Athos made news recently when the Greek government decided to admit five new monks from the Soviet Union to the Russian Orthodox monastery of Saint Panteleimon. The decision broke an absolute ban enforced for half a century by Greece, which feared monks would import Communism. Now the Orthodox Ecumenical Patriarchate hopes eight additional monks will be admitted.

Athos may remain in the limelight for another reason. Pressure reportedly is increasing on the Ecumenical Patriarchate to leave its historic base in Istanbul and establish new headquarters on Athos.

The Greek ban on Russian monks, imposed after the 1917 Bolshevik Revolution, has turned the Saint Panteleimon monastery from a thriving community of 2,000 to a virtual retirement village for a remnant of forty-five men, all over seventy. But the monastery has prospered financially as the population has declined, because it has been the beneficiary of wills all over Greece.

The Peninsula of Athos is an unusual political entity. It is a self-administered part of the Greek state, and entering monks must automatically assume Greek citizenship. Greece appoints a governor as political authority, but the actual administration is exercised by a group of twenty monks, representing the various monasteries. They are all under spiritual jurisdiction of the Ecumenical Patriarchate.

The monasteries and autonomy of Athos date to the year 875 and the reign of Byzantine Emperor Basil. There was a period of Roman Catholic rule during the Crusades. The peninsula then fell under Turkish control for five centuries, but, surprisingly, the traditions of the monks were undisturbed. Athos became a part of Greece in 1912.

Limits on entry of Russian monks are not just a Greek policy. Similar situations exist even in Communist lands. The Serbian monastery at Hiliandari and the Zographou monastery in Bulgaria have just a few monks left from the old days, with little prospect of new ones coming soon.

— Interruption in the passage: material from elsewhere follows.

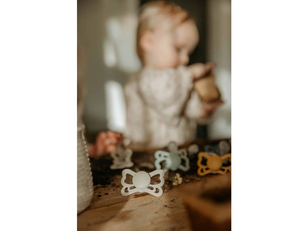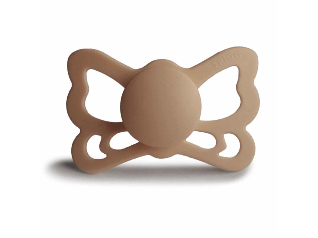 Tvar cumlíka FRIGG Butterfly pripomína motýľa. Štít so zvlnenými okrajmi má veľké vzduchové otvory pre väčšiu bezpečnosť a jeho okrúhly stred krásne zvýrazňuje eleganciu cumlíka.

And at Athos, restrictions exist on more than Russians. Since the year 1060, all women have been forbidden to approach the Athos monasteries.

Biltmore: Under New Management

A brave experiment in Christian witnessing along Miami Beach’s flamboyant hotel strip begins its most severe test this month. The ten-story Biltmore Terrace Hotel, whose “family” atmosphere is set by a chapel where daily devotional services are held, will be leased to and run by the Holiday Inn chain.

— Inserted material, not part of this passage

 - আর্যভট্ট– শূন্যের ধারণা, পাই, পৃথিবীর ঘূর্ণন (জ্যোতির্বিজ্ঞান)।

Holiday conducted an aggressive campaign to get the Biltmore as its first high-rise in the area following the death of its manager, Dr. Ralph Mitchell, in March. Vernon Kane, business consultant for the hotel’s Chicago owners, said “it was impossible to replace the man who had given the hotel its identity.” Mitchell was a Scottish Baptist preacher and former associate evangelist with Billy Graham.

Holiday was aided by financial conditions. The swank, 300-room ocean-front hotel was built for $3.2 million in 1952, then went through a series of owners and bankruptcies. Kane said that during the past four years under the present owners the Biltmore had overcome its bad reputation and had begun to break even when Mitchell died.

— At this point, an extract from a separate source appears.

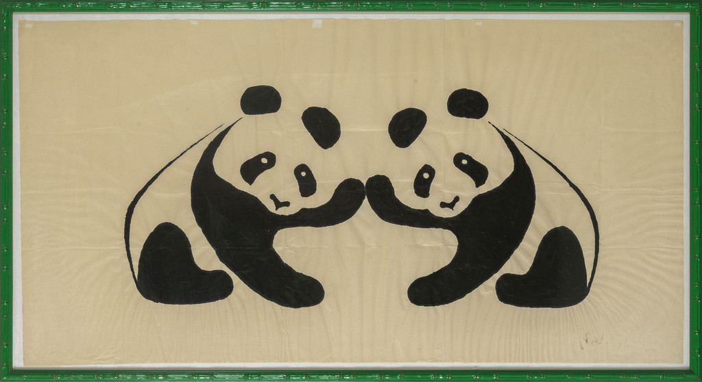 ink on rice paper in a faux bamboo frame painted by the artist 31 49x51 18 in

The new contract guarantees that no alcoholic beverages will be served for at least one year, but Kane reports Wallace Johnson and other Holiday Inn executives in Memphis hope to continue the policy throughout the twenty-five-year lease. He said Holiday may also continue the type of program Mitchell developed, “on a modified basis.” Besides chapel, that included cultural offerings in the auditorium (once a night club) ranging from recitals by Metropolitan Opera star Jerome Hines to concerts by local church choirs.